__Data provided__
■ ■ ■ ■ ■

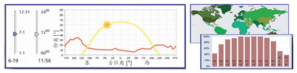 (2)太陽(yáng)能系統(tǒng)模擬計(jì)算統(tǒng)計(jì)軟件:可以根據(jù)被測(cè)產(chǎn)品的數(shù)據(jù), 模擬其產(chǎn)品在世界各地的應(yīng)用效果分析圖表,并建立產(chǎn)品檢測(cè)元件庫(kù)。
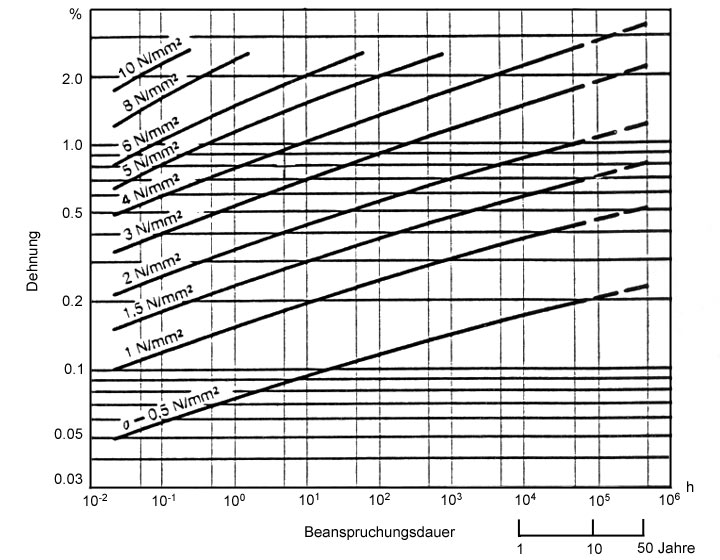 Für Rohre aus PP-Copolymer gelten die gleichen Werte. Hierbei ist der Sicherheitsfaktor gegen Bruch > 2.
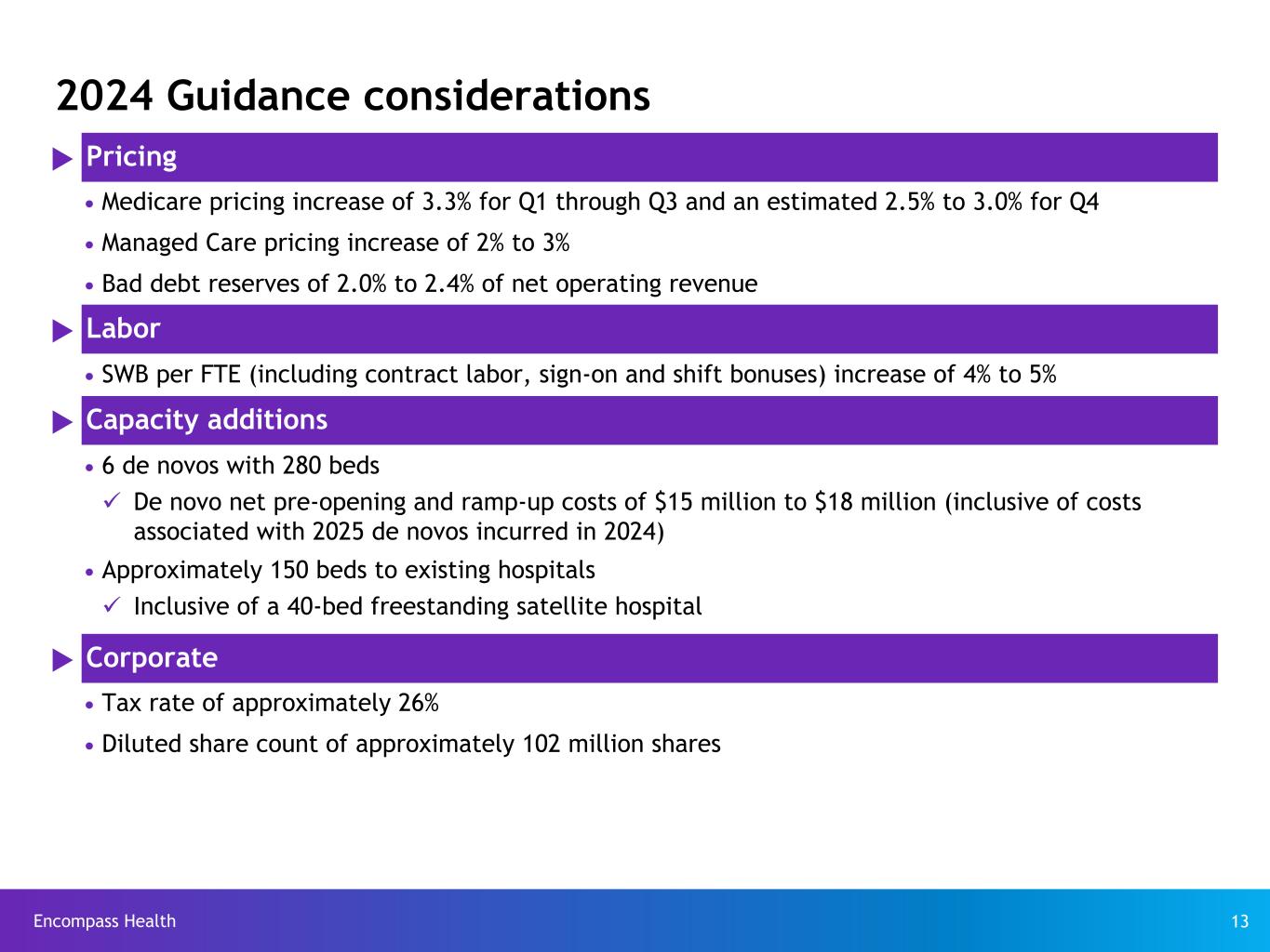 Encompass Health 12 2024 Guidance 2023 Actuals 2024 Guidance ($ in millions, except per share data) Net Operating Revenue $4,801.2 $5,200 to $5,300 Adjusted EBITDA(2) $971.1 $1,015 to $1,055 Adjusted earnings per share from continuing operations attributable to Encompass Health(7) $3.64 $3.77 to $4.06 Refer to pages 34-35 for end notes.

■ ■ ■ ■ ■

__Work order__
Restate word for word only the lines that run from the line holding "Für Rohre aus" to the end of the data, both ends kept, leaving every picture out.

__Your solution__
 Für Rohre aus PP-Copolymer gelten die gleichen Werte. Hierbei ist der Sicherheitsfaktor gegen Bruch > 2.
 Encompass Health 12 2024 Guidance 2023 Actuals 2024 Guidance ($ in millions, except per share data) Net Operating Revenue $4,801.2 $5,200 to $5,300 Adjusted EBITDA(2) $971.1 $1,015 to $1,055 Adjusted earnings per share from continuing operations attributable to Encompass Health(7) $3.64 $3.77 to $4.06 Refer to pages 34-35 for end notes.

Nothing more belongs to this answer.